[Start of section]

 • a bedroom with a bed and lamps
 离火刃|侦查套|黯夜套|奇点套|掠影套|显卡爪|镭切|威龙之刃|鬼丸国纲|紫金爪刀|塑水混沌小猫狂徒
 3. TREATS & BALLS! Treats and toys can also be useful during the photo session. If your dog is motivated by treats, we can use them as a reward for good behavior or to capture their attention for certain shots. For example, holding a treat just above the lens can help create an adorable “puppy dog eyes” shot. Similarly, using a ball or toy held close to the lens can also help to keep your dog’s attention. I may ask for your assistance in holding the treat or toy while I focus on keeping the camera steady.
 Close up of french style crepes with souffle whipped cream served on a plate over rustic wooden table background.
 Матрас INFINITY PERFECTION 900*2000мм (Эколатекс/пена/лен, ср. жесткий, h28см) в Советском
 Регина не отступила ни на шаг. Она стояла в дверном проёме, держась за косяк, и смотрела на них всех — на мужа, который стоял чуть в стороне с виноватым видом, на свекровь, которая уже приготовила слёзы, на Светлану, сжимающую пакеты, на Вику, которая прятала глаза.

[End of section]
[Start of section]

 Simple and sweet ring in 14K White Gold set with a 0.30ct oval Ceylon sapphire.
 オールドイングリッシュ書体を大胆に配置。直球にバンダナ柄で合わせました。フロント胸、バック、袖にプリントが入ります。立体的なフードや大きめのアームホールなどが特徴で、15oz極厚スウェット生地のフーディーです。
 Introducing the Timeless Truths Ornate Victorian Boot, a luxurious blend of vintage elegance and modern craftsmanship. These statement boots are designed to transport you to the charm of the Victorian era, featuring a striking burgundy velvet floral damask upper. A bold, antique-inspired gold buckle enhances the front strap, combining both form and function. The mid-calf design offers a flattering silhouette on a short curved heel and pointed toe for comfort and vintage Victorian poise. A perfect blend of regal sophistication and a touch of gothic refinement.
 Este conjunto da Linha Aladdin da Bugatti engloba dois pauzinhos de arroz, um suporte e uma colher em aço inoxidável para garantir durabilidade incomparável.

[End of section]

Search the data above for the word "with". Copy each line it is in.

 • a bedroom with a bed and lamps
 Close up of french style crepes with souffle whipped cream served on a plate over rustic wooden table background.
 Simple and sweet ring in 14K White Gold set with a 0.30ct oval Ceylon sapphire.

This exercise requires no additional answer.